[Your assignment]:
Restate the listing below word for word; no pictures belong in the copy.

[Data section]:
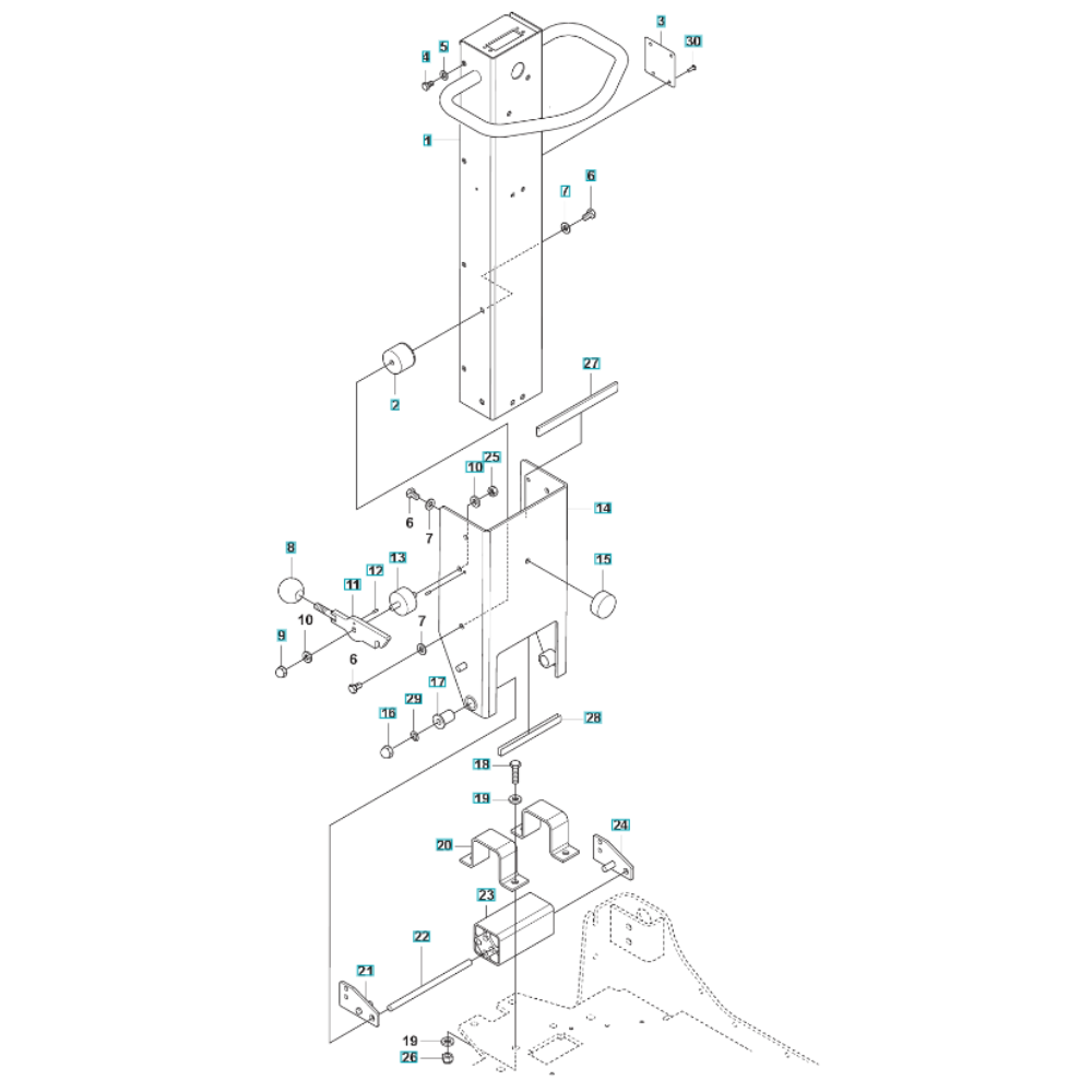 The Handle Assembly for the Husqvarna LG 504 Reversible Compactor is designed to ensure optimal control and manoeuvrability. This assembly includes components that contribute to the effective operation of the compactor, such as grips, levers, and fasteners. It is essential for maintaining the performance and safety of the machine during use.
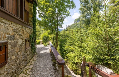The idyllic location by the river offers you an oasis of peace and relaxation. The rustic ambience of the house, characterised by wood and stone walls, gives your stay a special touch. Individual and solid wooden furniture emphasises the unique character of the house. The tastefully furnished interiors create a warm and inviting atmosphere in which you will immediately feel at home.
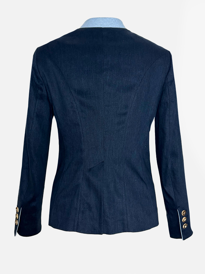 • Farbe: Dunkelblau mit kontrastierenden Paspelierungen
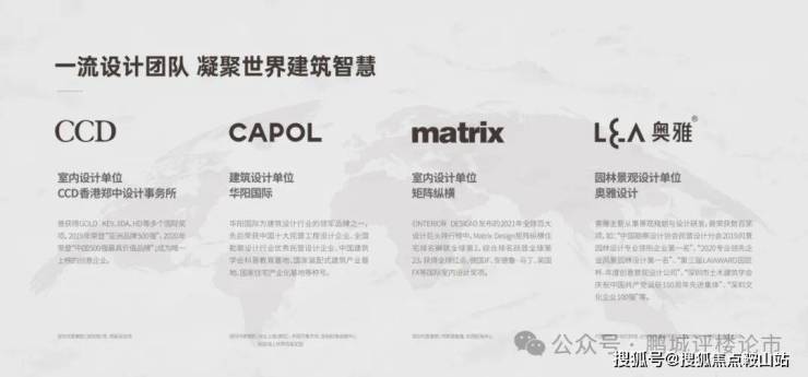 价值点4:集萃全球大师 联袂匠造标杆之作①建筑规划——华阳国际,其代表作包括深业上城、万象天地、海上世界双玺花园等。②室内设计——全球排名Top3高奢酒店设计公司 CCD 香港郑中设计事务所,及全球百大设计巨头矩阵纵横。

[Reply to the task]:
 The Handle Assembly for the Husqvarna LG 504 Reversible Compactor is designed to ensure optimal control and manoeuvrability. This assembly includes components that contribute to the effective operation of the compactor, such as grips, levers, and fasteners. It is essential for maintaining the performance and safety of the machine during use.
The idyllic location by the river offers you an oasis of peace and relaxation. The rustic ambience of the house, characterised by wood and stone walls, gives your stay a special touch. Individual and solid wooden furniture emphasises the unique character of the house. The tastefully furnished interiors create a warm and inviting atmosphere in which you will immediately feel at home.
 • Farbe: Dunkelblau mit kontrastierenden Paspelierungen
 价值点4:集萃全球大师 联袂匠造标杆之作①建筑规划——华阳国际,其代表作包括深业上城、万象天地、海上世界双玺花园等。②室内设计——全球排名Top3高奢酒店设计公司 CCD 香港郑中设计事务所,及全球百大设计巨头矩阵纵横。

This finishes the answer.